MATERIAL PROVIDED:
+===+

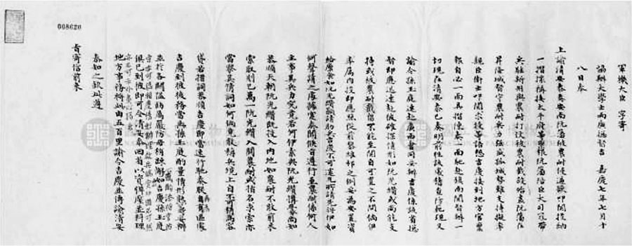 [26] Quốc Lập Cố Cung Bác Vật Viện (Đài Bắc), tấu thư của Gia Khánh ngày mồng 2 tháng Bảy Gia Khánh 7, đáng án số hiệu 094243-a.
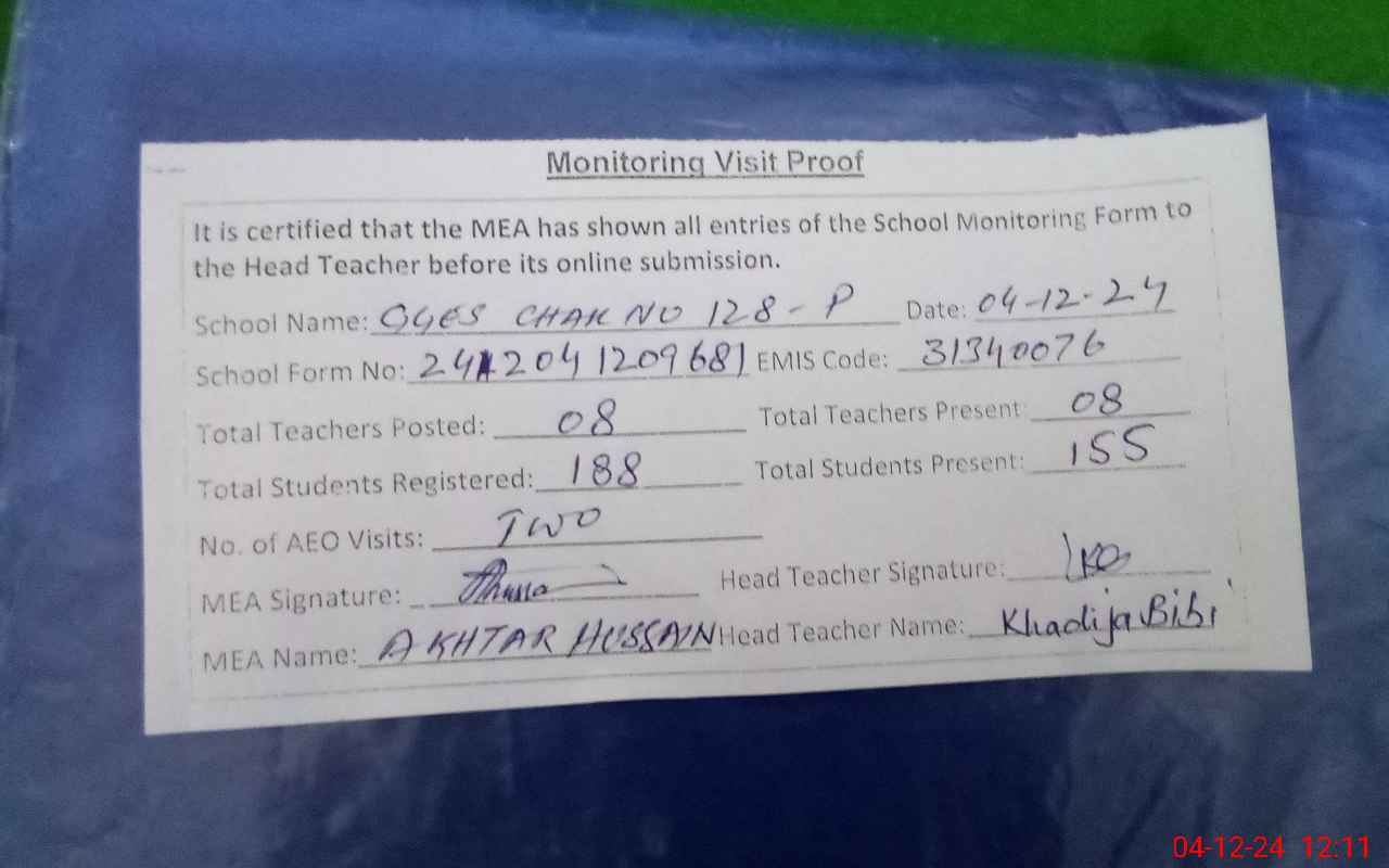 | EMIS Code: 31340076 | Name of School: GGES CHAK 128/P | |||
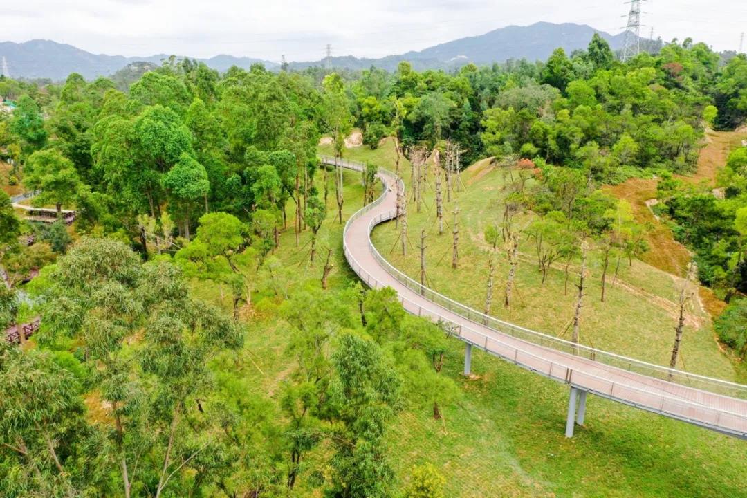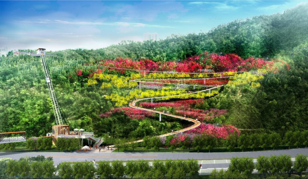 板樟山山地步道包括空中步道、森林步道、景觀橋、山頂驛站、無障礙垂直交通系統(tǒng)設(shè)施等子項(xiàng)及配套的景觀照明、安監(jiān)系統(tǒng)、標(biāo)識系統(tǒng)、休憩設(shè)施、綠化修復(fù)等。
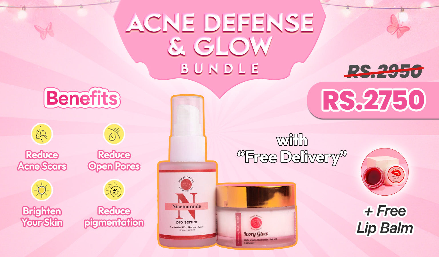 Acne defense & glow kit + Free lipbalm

+===+

TASK OBJECTIVE: The material above must be printed exactly, with its pictures left out.

RESULT:
 [26] Quốc Lập Cố Cung Bác Vật Viện (Đài Bắc), tấu thư của Gia Khánh ngày mồng 2 tháng Bảy Gia Khánh 7, đáng án số hiệu 094243-a.
 | EMIS Code: 31340076 | Name of School: GGES CHAK 128/P | |||
 板樟山山地步道包括空中步道、森林步道、景觀橋、山頂驛站、無障礙垂直交通系統(tǒng)設(shè)施等子項(xiàng)及配套的景觀照明、安監(jiān)系統(tǒng)、標(biāo)識系統(tǒng)、休憩設(shè)施、綠化修復(fù)等。
 Acne defense & glow kit + Free lipbalm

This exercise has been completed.